» **Brief**
Write out exactly, and only, the lines below from the line with "Beautiful emperor easy" through the line with "如果探訪對(duì)講和監(jiān)倉"; pictures do not belong in the copy.

» **Dataset excerpts**
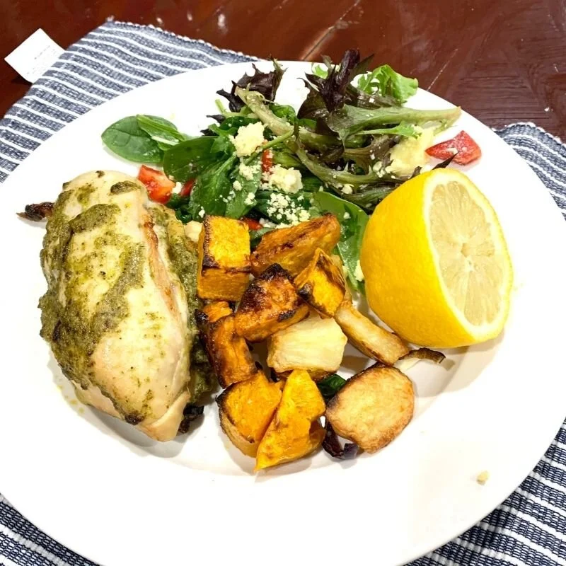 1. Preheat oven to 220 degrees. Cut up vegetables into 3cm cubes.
---
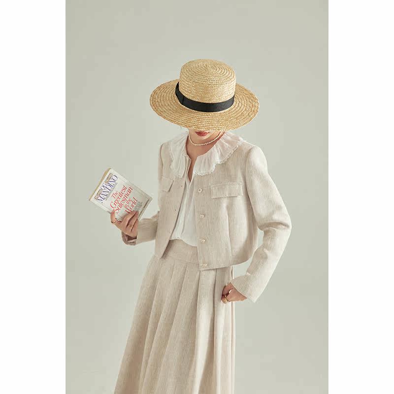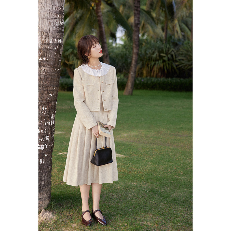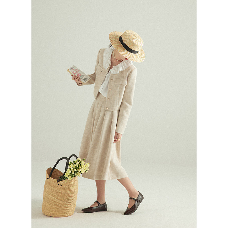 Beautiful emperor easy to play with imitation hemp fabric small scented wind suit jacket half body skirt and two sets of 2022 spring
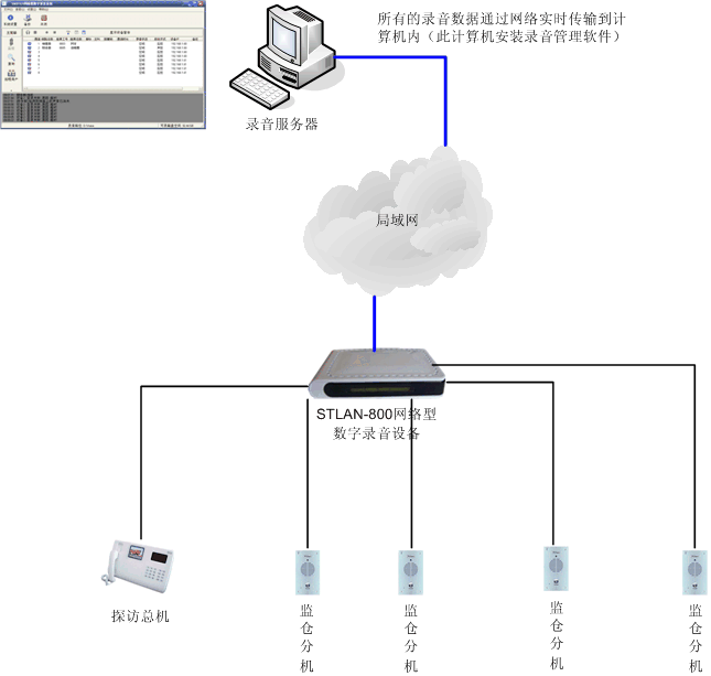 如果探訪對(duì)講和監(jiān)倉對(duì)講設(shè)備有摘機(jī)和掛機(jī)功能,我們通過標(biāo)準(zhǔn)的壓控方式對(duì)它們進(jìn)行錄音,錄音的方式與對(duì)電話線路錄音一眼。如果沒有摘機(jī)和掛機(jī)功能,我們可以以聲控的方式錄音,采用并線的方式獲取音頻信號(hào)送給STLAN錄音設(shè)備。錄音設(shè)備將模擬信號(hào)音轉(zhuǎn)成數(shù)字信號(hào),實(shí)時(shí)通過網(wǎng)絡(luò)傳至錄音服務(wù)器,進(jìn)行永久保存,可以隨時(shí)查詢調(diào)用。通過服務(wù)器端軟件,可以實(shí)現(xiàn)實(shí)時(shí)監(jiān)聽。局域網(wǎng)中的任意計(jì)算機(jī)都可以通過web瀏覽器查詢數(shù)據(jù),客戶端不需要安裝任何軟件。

» **Exercise response**
 Beautiful emperor easy to play with imitation hemp fabric small scented wind suit jacket half body skirt and two sets of 2022 spring
 如果探訪對(duì)講和監(jiān)倉對(duì)講設(shè)備有摘機(jī)和掛機(jī)功能,我們通過標(biāo)準(zhǔn)的壓控方式對(duì)它們進(jìn)行錄音,錄音的方式與對(duì)電話線路錄音一眼。如果沒有摘機(jī)和掛機(jī)功能,我們可以以聲控的方式錄音,采用并線的方式獲取音頻信號(hào)送給STLAN錄音設(shè)備。錄音設(shè)備將模擬信號(hào)音轉(zhuǎn)成數(shù)字信號(hào),實(shí)時(shí)通過網(wǎng)絡(luò)傳至錄音服務(wù)器,進(jìn)行永久保存,可以隨時(shí)查詢調(diào)用。通過服務(wù)器端軟件,可以實(shí)現(xiàn)實(shí)時(shí)監(jiān)聽。局域網(wǎng)中的任意計(jì)算機(jī)都可以通過web瀏覽器查詢數(shù)據(jù),客戶端不需要安裝任何軟件。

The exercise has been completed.